Contendo pelo menos parte de cinco aldeias diferentes, a Potiguara de Monte-Mor já teve em 2012 um cacique assassinado com dois tiros na cabeça. Poucos meses antes do crime, a comunidade da aldeia Brejinho havia retomado 90 hectares de área ocupada por fazendeiros de cana de açúcar. A área estava dentro da terra indígena já demarcada, mas sem ter o processo concluído — o que pode acontecer agora.

— É uma terra que é nossa, ninguém tomou. Estamos esperando há muitos anos e muitas lideranças já tombaram por essa luta. É uma conquista de luta. Somos um povo que nunca arreda pé do nosso território — afirmou Gomes.

Na Sul da Bahia, a demarcação da Terra Indígena Aldeia Velha vem de um luta iniciada em 1998. Naquele ano, um grupo de 35 famílias pataxós ocupou a área de uma fazenda de onde diziam que seus antepassados foram expulsos por grileiros, quatro décadas antes.

— O difícil foi entrar, agora não vamos sair mais. Nós queremos a demarcação de Aldeia Velha — defendeu Ipê, uma liderança da ocupação, há exatos 25 anos, ao jornal A Tarde.

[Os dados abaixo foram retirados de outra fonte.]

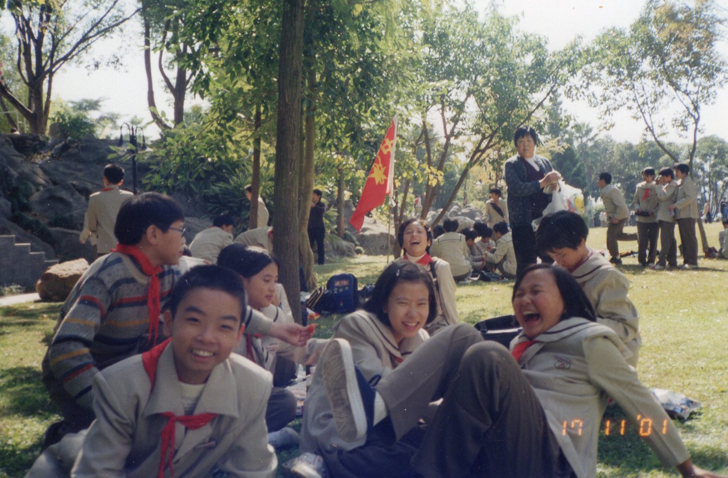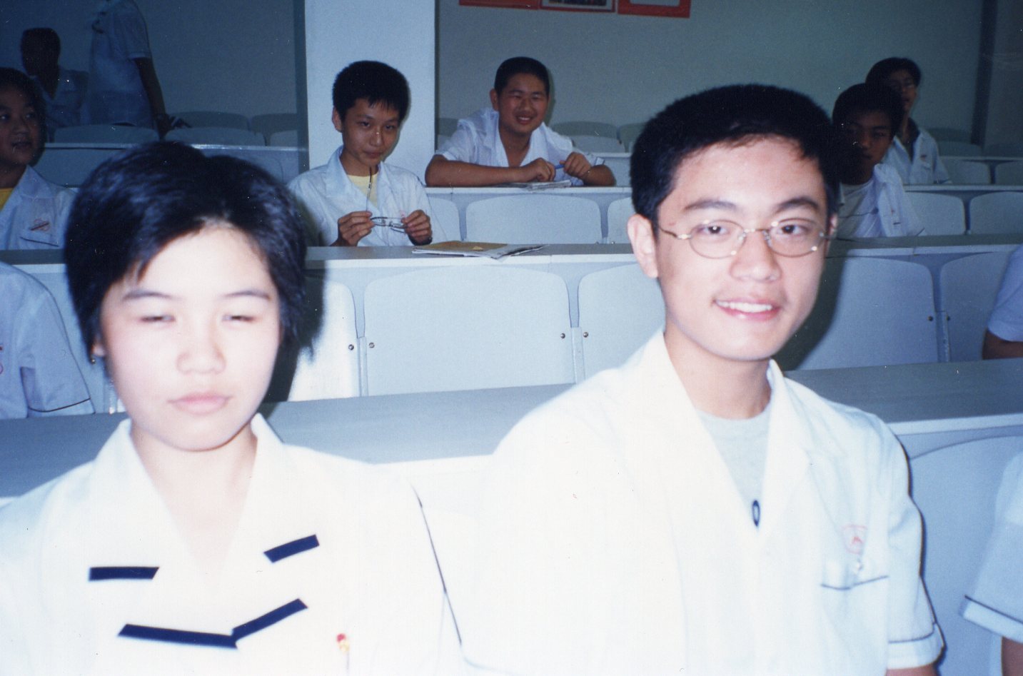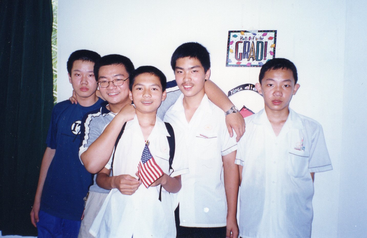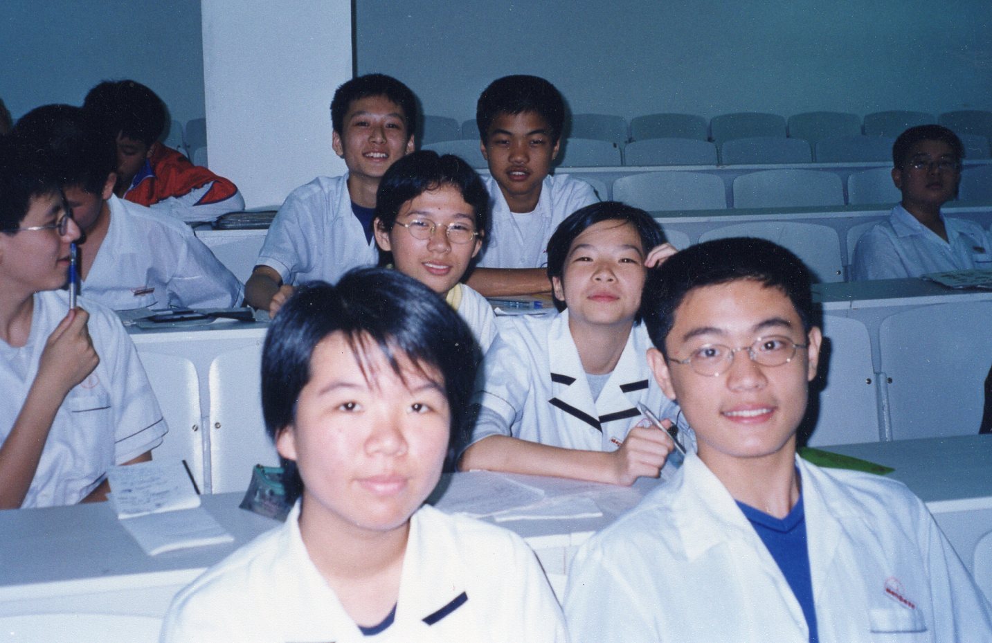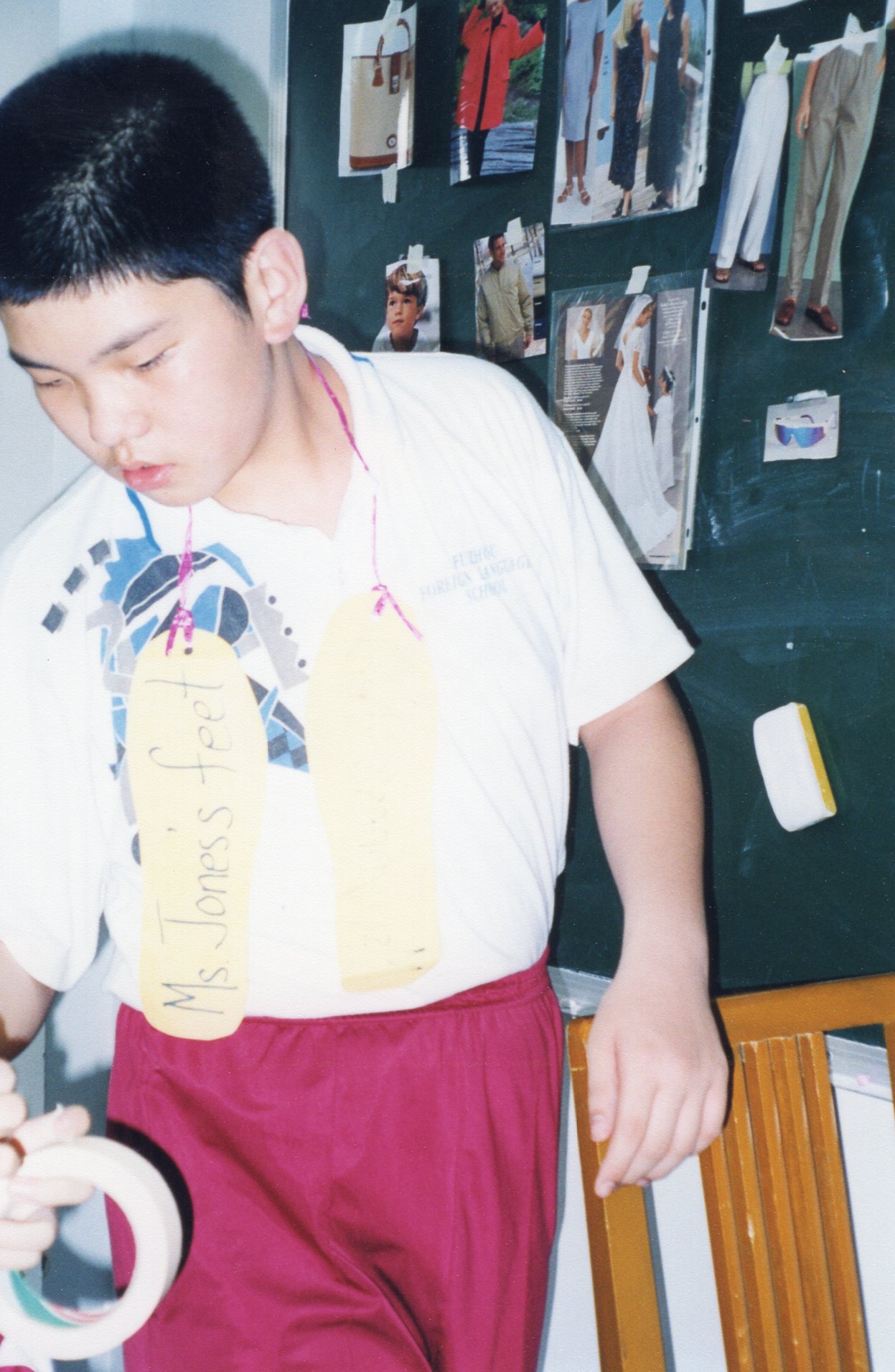 Photos from Jo Ann's time teaching at the Fuzhou Foreign Languages School in Fuzhou, China (2001–2002)—the school's first native English-speaking American teacher, known there as Miss Jones. The gallery includes the First Foreign Language Festival (December 2001), with Miss Fang's all-school celebration: songs, dances, and the O. Henry play The Policeman and the Anthem, performed by her spoken-English class at a packed local cinema.
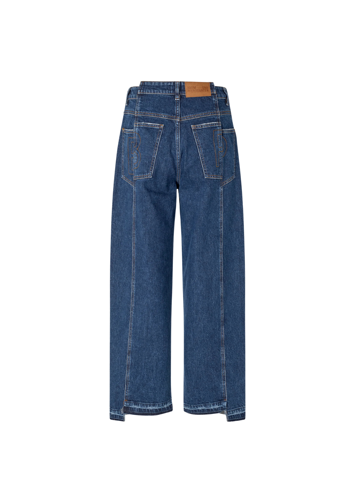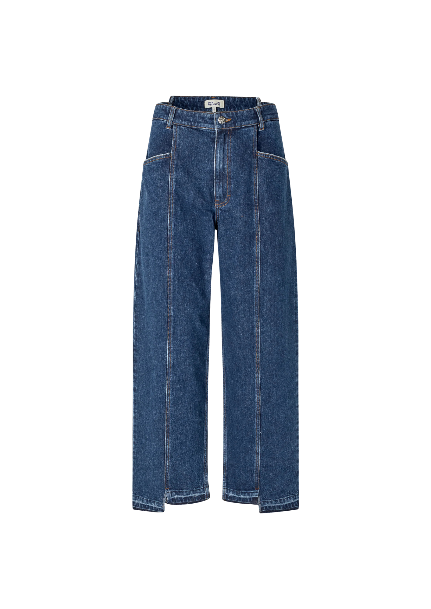 De Nanya Jeans zijn een coole variant op een klassieker met wijde pijpen en een zichtbare naad aan de voor- en achterkant. De denim jeans heeft een uniek silhouet dat de jeans bij de naden verdeelt, waardoor zelfs klassieke jeans een statement piece zijn. Combineer ze met een T-shirt voor een relaxte look of draag er een van onze blouses bij voor een chiquere look.
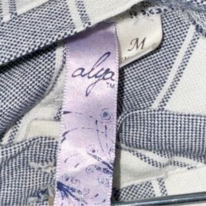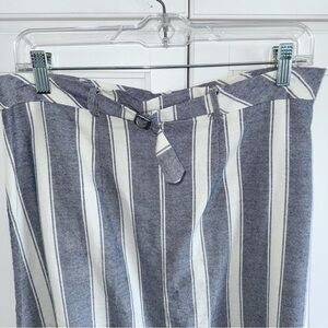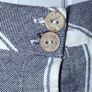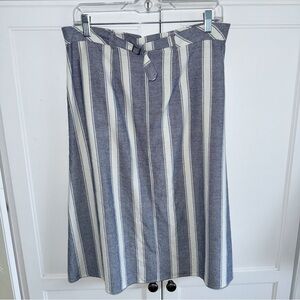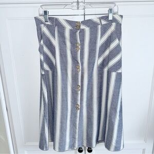 Alya Fit and Flare Navy Striped Cotton Midi Skirt Sz Medium Button Front
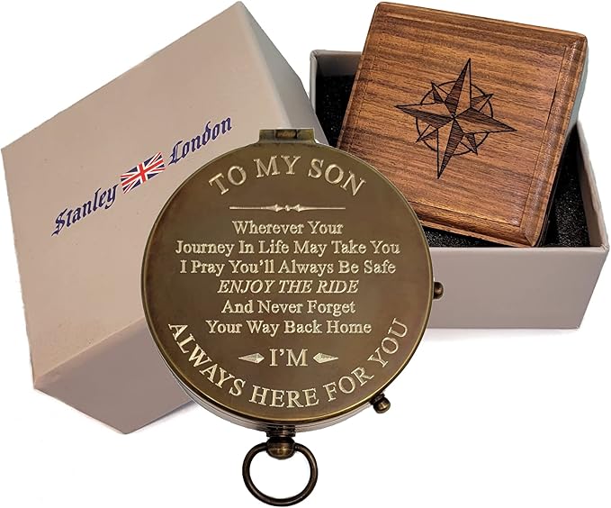 Stanley London Engraved Compass Personalized | Brass Pocket Compass Gifts for Men, Him, Son, Husband, Grandson, Boys | Engravable Antique Gift Compasses for Graduation, Baptism, Confirmation
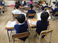 校長先生からのお話、生活指導の先生からのお話につづいて、最後にみんなで校歌を歌って、3学期がスタートしました。
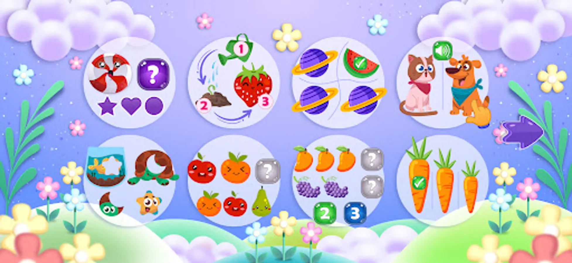 Our application presents 16 educational games, diverse and exciting, each of which is specially designed to help your child learn various aspects of the world around them. Our application offers your child the opportunity to learn numbers, shapes, names of animals, fruits and vegetables, develop logical thinking and improve mental skills.
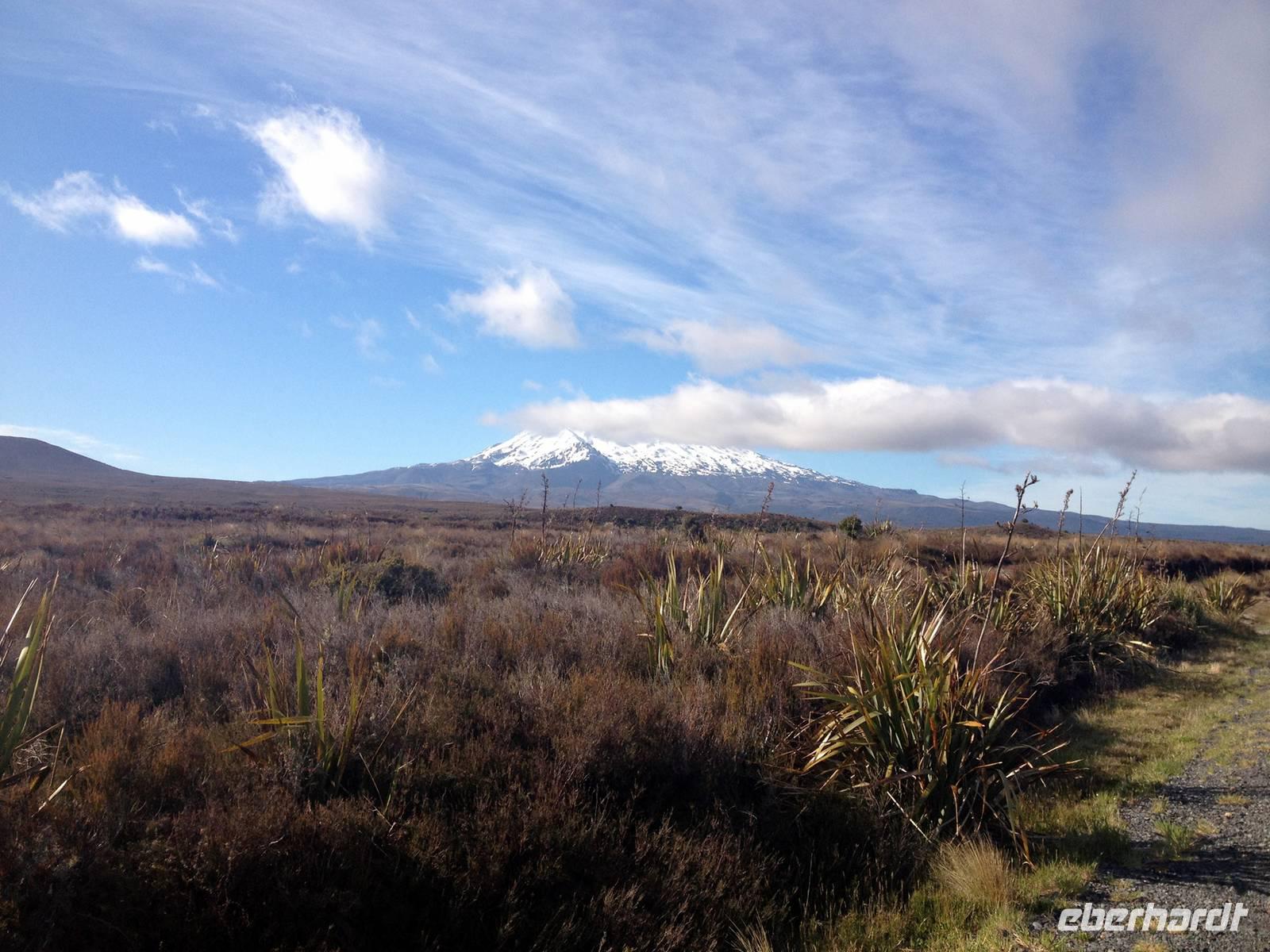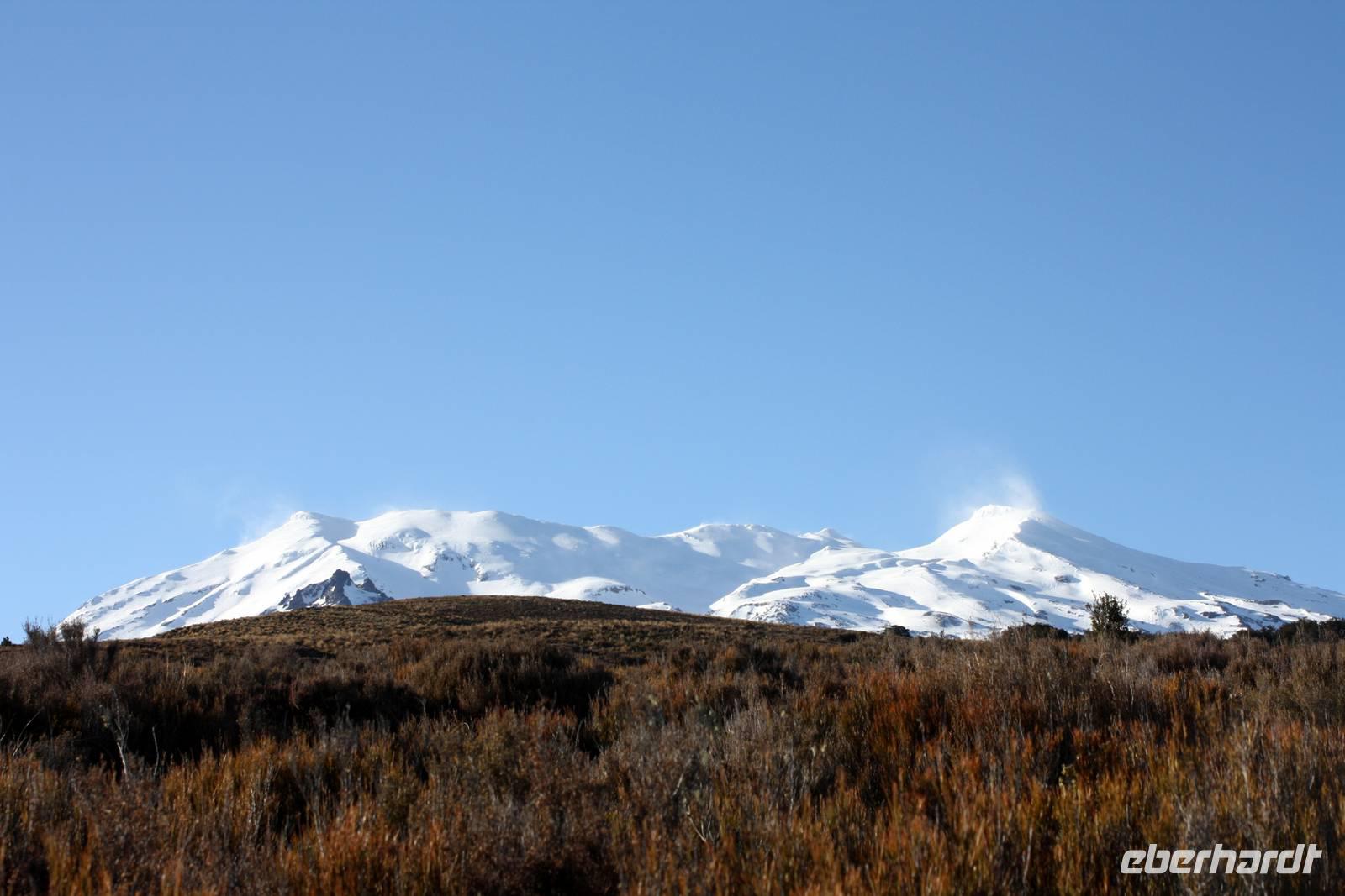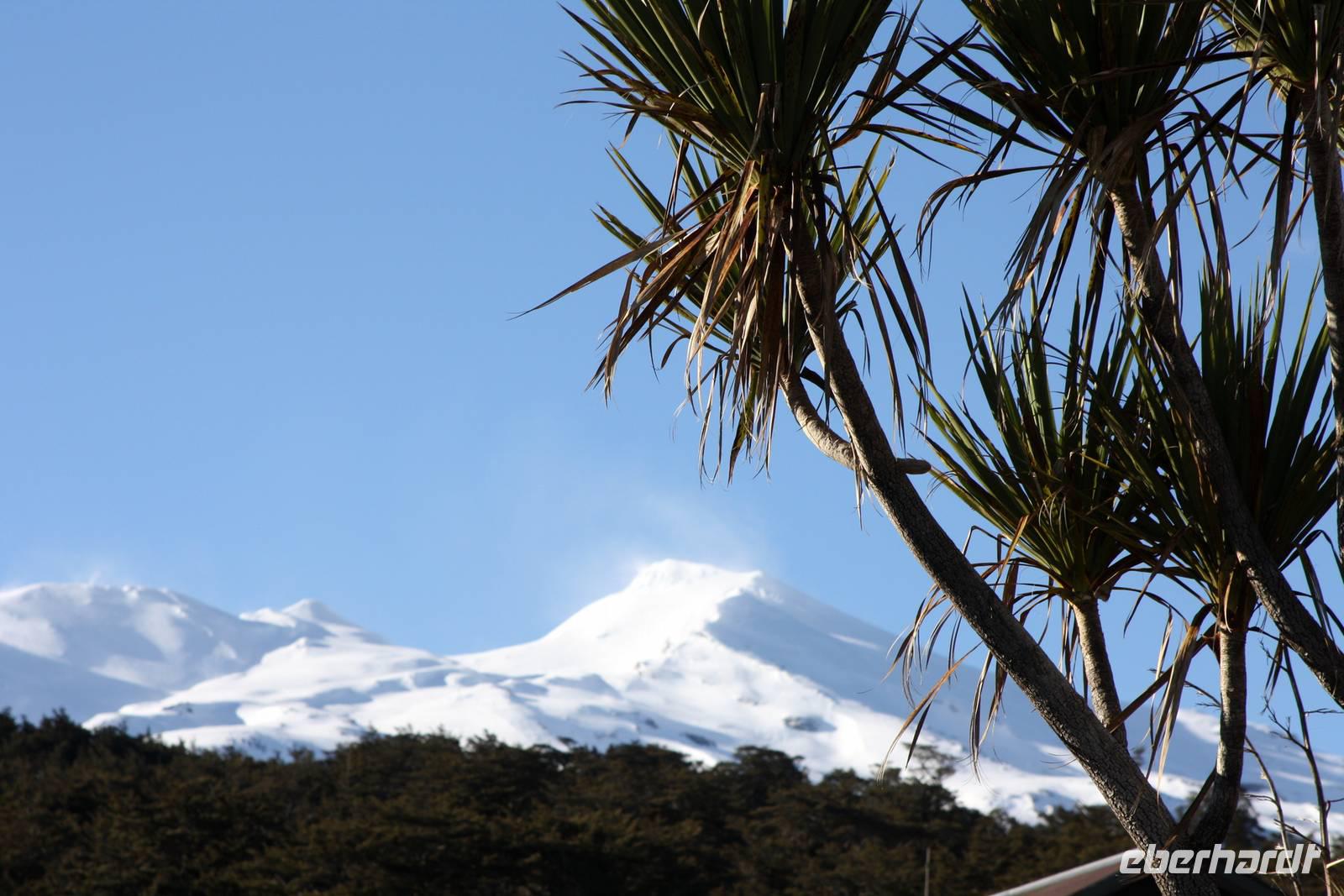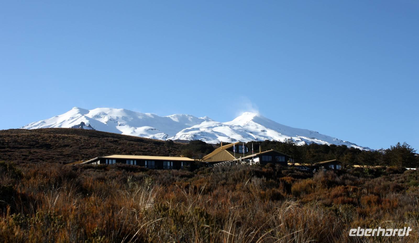 Heute gönnen wir unseren Füßen noch einmal eine Ruhepause. In der Tageszeitung wird von den Stars und Sternchen von der Filmpremiere am Vortag berichtet und wir waren ganz nah dran! Bevor wir Wellington verlassen, legen wir noch einen Stopp auf dem Mount Victoria ein. Von hier haben wir einen tollen Blick auf die Stadt, den Hafen und die Umgebung. Es zeigt sich schnell, dass die Nordinsel deutlich urbaner ist. Wir fahren in nördlicher Richtung entlang der Kapiti Coast durch kleinere Städte, danach wechselt das Landschaftsbild wieder zu grünen Hügeln mit Schaf- und Kuhweiden, bis wir auf das Hochplateau des Tongariro Nationalparks gelangen. Unsere Unterkunft liegt im Herzen der Nordinsel auf ca. 1.100 Meter Höhe und auf den Gipfeln der drei Vulkane liegt immer noch Schnee. Erst vor einer Woche war der Ausbruch am Tongariro und die Aktivitäten werden hier ganz genau beobachtet.
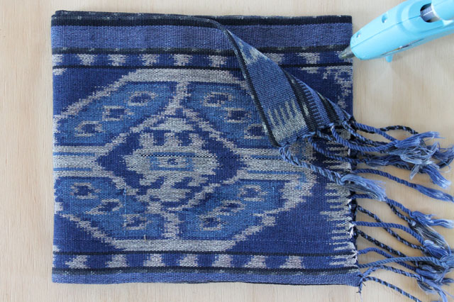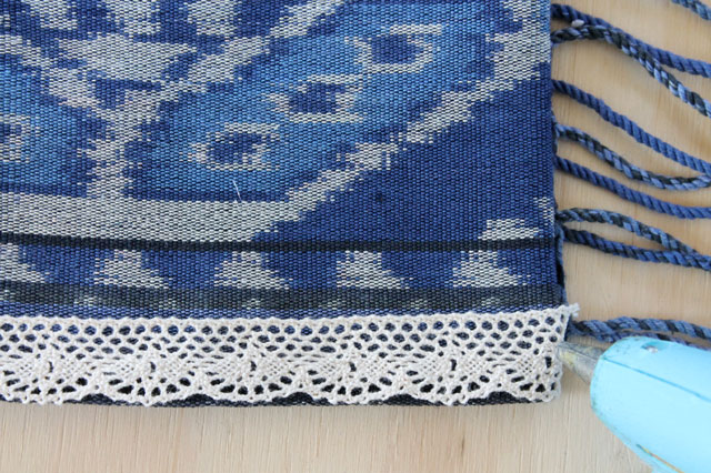 Slide the fabric tube over the top of your boot with the lace at the bottom. Wrap the denim seam around the boot and attach with a hot glue gun.

De acordo com a prefeitura de Porto Seguro, foram encontrados sambaquis (acúmulos de materiais orgânicos e calcário fossilizados pela ação do tempo) na região de Aldeia Velha que indicam a presença de povos que viveram por ali entre 8 mil e 2 mil anos atrás. Há indícios, inclusive, de que a aldeia indígena que ali estava seria uma importante sede na localidade.

— Demarcar a Aldeia Velha é assegurar o direito histórico que temos como herdeiros de nossos ancestrais — defendeu Emerson Pataxó, vice-presidente da Associação de Jovens Indígenas Pataxó. — A verdade é que o que nos restou foram apenas recortes de terra do nosso antigo território.

Pouco tempo

Santilli explica que as terras indígenas já demarcadas estão concentradas na Amazônia Legal. Por isso, a partir de agora haverá cada vez mais demarcações em outros biomas brasileiros. Entre as 13 TIs que devem ser homologadas, nove estão no Cerrado, na Caatinga e na Mata Atlântica.

— Isso é indicativo das demandas que ainda faltam resolver, que estão em boa medida concentradas fora da Amazônia. Há um grau de ocupação fundiária maior nessas outras regiões. Isso gera mais conflitos, o que aumenta a judicialização e, portanto, mais demora — disse o sócio-fundador do ISA.

Depois dessas 13 homologações, ainda vai haver mais 61 terras declaradas pelo Ministério da Justiça, a etapa anterior à homologação. Há ainda 124 em identificação (o estágio mais inicial, em estudo por grupo de trabalho nomeado pela Funai) e 43 identificadas (terras com relatório aprovado pela presidência da Funai), segundo o painel Terras Indígenas do ISA.

Mesmo com o apoio do governo federal, é improvável que todas elas sejam homologadas em quatro anos, avalia Dinamam Tuxá, da Apib. Muitas são questionadas na Justiça.

— Mas vamos tentar homologar o máximo que der nesse período — diz o líder indígena, que se diz ainda traumatizado com os últimos quatro anos.